#### [ABOUT THIS TASK]
Please copy every line from the records below that contains the string "gradería".

#### [RECORDS TO USE]
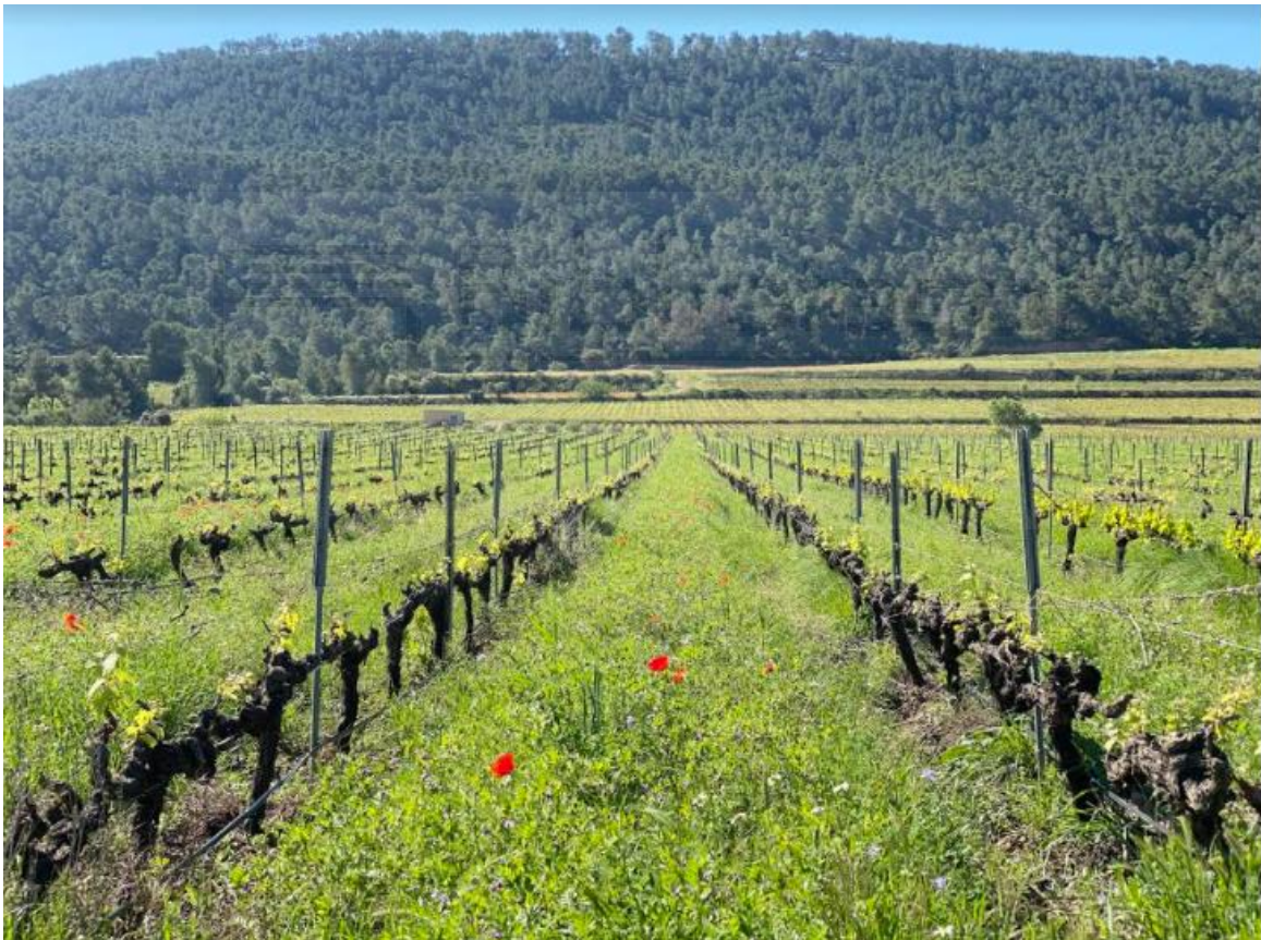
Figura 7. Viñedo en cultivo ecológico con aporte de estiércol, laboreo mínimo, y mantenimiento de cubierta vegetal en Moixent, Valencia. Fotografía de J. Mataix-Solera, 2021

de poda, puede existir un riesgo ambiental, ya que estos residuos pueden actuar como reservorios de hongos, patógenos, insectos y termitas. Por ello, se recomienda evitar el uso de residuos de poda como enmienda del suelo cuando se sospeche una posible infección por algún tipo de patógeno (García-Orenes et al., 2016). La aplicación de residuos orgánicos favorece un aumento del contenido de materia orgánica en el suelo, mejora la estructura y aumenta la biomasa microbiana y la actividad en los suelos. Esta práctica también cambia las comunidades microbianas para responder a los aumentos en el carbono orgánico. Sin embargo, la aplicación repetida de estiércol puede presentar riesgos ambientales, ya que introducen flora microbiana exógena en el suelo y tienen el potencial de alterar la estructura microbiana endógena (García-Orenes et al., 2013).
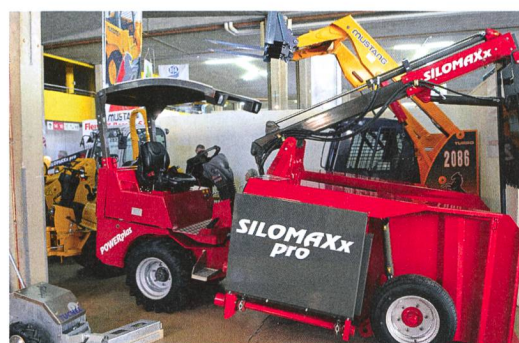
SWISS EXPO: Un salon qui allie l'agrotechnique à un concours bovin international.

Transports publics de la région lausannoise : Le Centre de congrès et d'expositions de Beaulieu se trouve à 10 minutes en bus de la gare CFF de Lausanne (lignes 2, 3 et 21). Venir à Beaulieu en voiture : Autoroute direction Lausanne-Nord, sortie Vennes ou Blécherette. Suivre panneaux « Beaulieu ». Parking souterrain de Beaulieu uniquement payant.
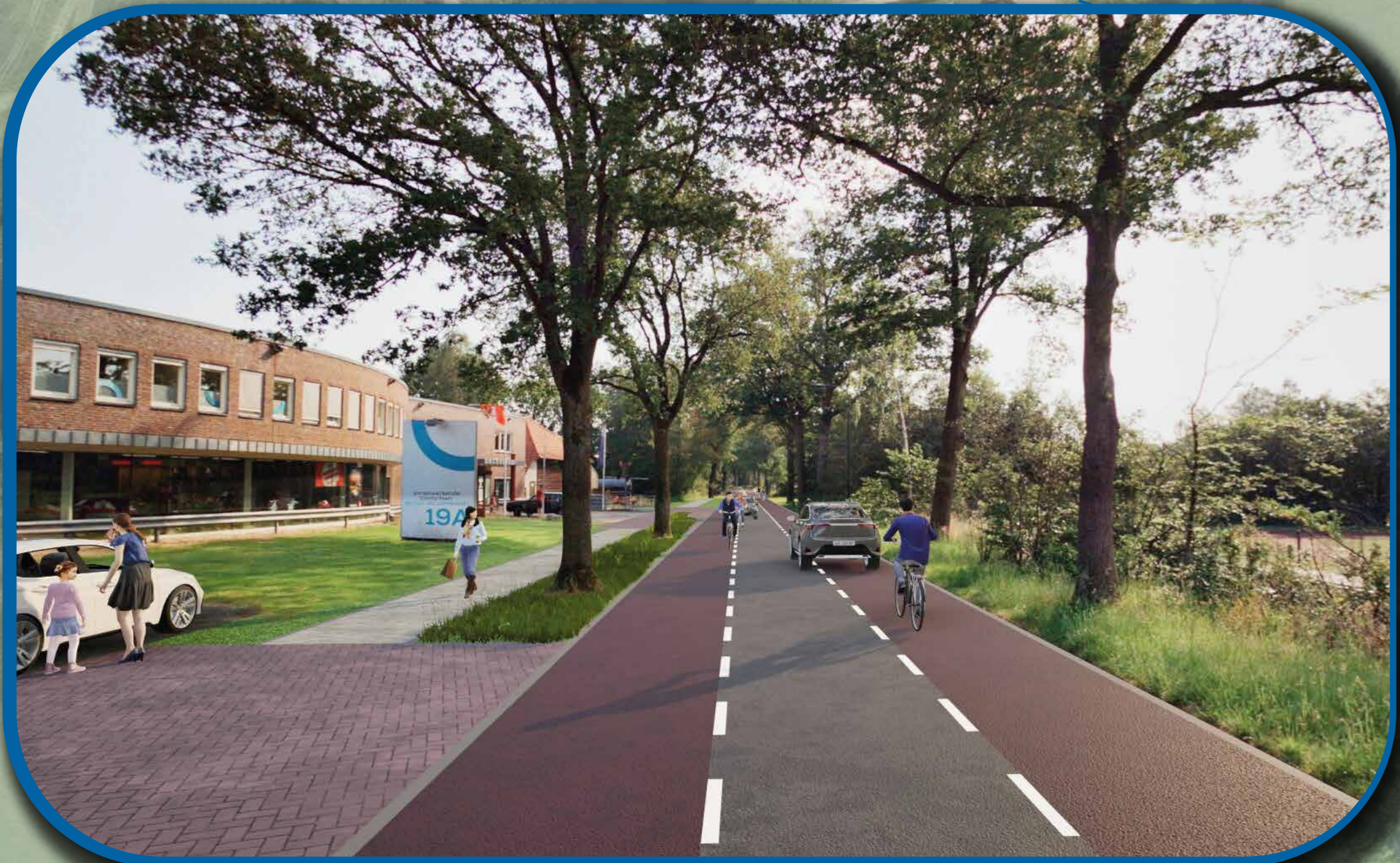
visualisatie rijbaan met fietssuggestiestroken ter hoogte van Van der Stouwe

* * *

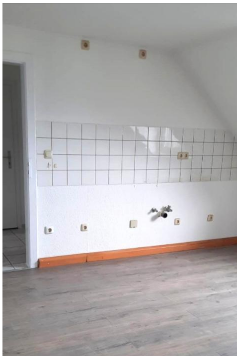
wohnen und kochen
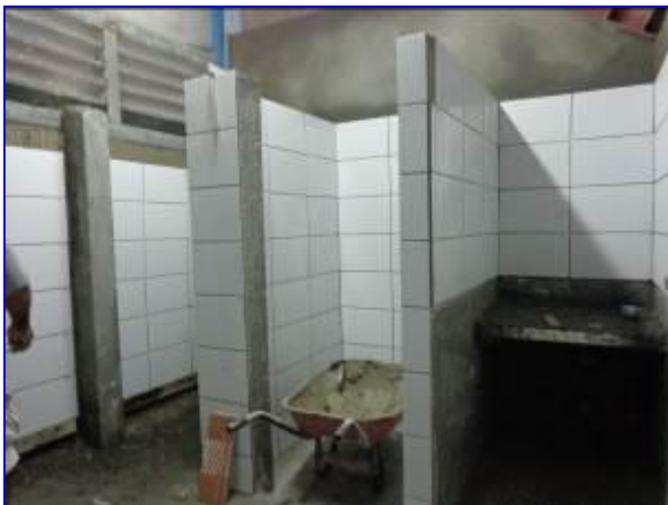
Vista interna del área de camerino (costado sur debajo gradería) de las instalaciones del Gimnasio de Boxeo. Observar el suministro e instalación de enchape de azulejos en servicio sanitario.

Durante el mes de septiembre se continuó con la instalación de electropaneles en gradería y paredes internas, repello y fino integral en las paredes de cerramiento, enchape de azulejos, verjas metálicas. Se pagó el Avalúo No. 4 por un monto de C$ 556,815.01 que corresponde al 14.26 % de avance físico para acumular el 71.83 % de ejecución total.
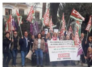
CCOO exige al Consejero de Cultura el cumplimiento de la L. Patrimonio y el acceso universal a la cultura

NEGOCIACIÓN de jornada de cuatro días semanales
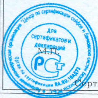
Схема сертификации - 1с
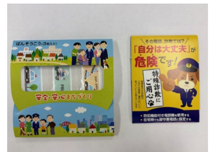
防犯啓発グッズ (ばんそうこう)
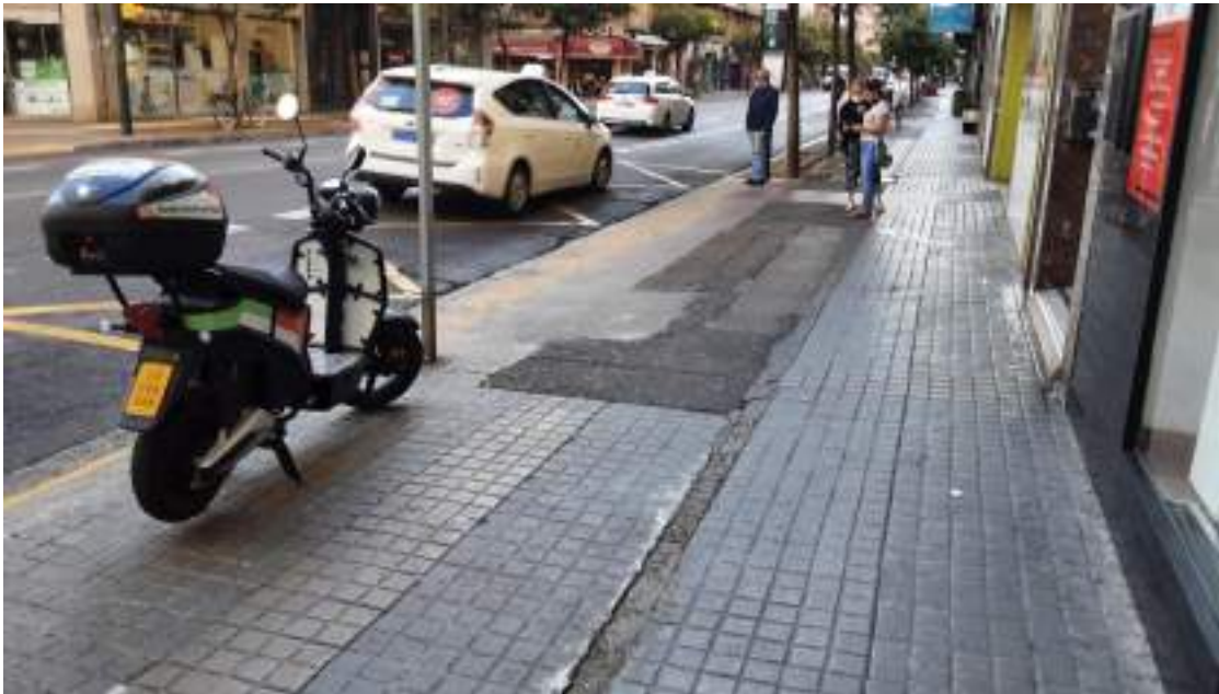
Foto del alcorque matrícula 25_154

==

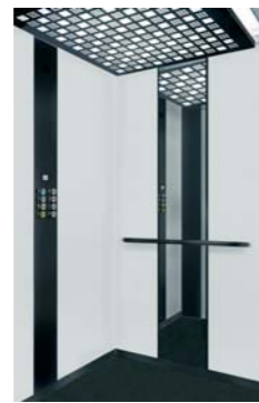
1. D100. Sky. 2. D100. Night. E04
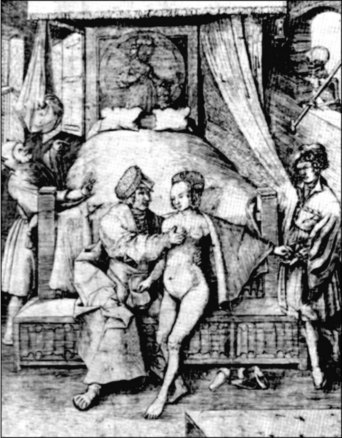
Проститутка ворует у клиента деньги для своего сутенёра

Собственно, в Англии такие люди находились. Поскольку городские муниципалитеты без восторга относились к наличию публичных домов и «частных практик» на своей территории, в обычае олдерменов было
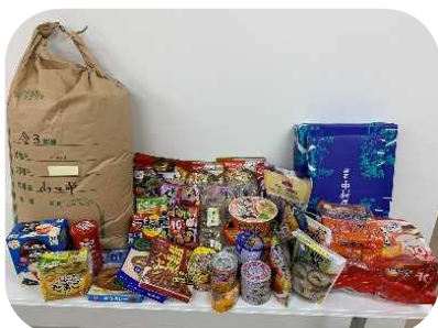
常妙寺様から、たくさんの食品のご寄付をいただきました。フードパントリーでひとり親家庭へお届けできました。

#### [WRITTEN REPLY]
Vista interna del área de camerino (costado sur debajo gradería) de las instalaciones del Gimnasio de Boxeo. Observar el suministro e instalación de enchape de azulejos en servicio sanitario.
Durante el mes de septiembre se continuó con la instalación de electropaneles en gradería y paredes internas, repello y fino integral en las paredes de cerramiento, enchape de azulejos, verjas metálicas. Se pagó el Avalúo No. 4 por un monto de C$ 556,815.01 que corresponde al 14.26 % de avance físico para acumular el 71.83 % de ejecución total.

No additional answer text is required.